# I Want More Power



## rtobrian (Mar 27, 2011)

I have a 1.4 Cruze Eco and I want more power. I did the drop in K&N and a computer chip which was junk so I took it out. I'm thinking about getting the K&N cold air intake and when I have the money get the vtune. I noticed Jet offers a MAF sensor, has anyone tried that or have any input on it. I also run synthetic oil, 93 octane fuel, and have the tires at 35psi and when I set the cruise at 75mph I average 36mpg. I'd really like to get the Borla exhaust because i've have very good experience and power in the past but it's out of my budget. Any tips are appreciated.


----------



## ErikBEggs (Aug 20, 2011)

I'd use the search function and consider looking into purchasing a tune. :th_coolio:


----------



## sciphi (Aug 26, 2011)

Agreed, search for power adders.

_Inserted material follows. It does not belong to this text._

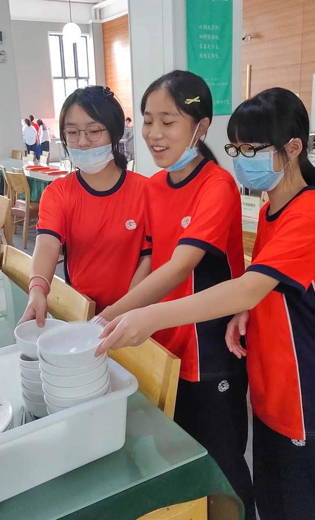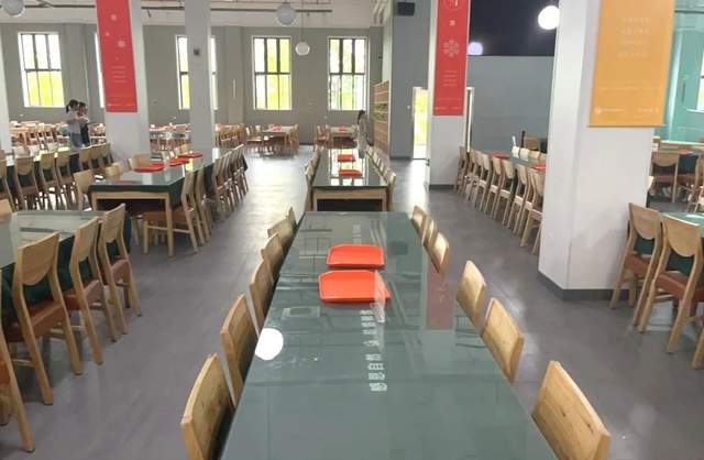 师生同餐:孩子们按学院与全校老师共餐同食,早中晚三餐为自助餐,另有点心时间。

The most bang for the buck is a tune.


----------



## jdubb11 (Mar 14, 2012)

word is the drop in k and n is a no no...or can be. read the resonator bypass thread


----------



## CHEVYCRUZE RS (Mar 29, 2011)

Exhaust to go along with the tune for sure, help open things up


----------



## iCruze2 (Dec 16, 2011)

You gotta pay to play man. Gonna cost $1000 to gain 40hp!!!


----------



## Beaker (Mar 21, 2012)

Pump up the air pressure in the tires another 5 psi. Good for 5 hp.

No not serious


----------



## Higgs Boson (Mar 7, 2012)

put a real tune in it and leave the rest alone. unless you are 16 you will get sick of the exhaust noise and an intake doesn't do anything. this is an economy car, if you want more power go buy something with a V8. if you roll around in a cruze with an audible exhaust for every 100 people you drive near, two young guys will think you're cool, 50 young ladies will think you're lame, and 48 random people will turn up their radios.


----------



## 20126spdRS (Dec 27, 2011)

jdubb11 said:


> word is the drop in k and n is a no no...or can be. read the resonator bypass thread


agreed


----------



## Beachernaut (Mar 27, 2012)

Buy a Corvette.


----------



## CHEVYCRUZE RS (Mar 29, 2011)

Thank god someone said it, haha! 

I think a COMPLETE exhaust, and a _true_ intake (including a ported intake manifold) and a tune is good enough for the cruze and still keeping your MPG's up! I cant see anyone spending a lot of money on the Cruze, if it was a bit faster STOCK, then yes I can see myself going a lot further. Plus, its a brand new car/engine....I want to see some reviews before I buy parts! Im always down to try new mods for our Cruze Community. Im sure we can set out some great ideas for the Cruze, It just takes some time to get out there!




Beachernaut said:


> Buy a Corvette.


----------



## Camcruse (Oct 4, 2011)

Drop in a V-8.


----------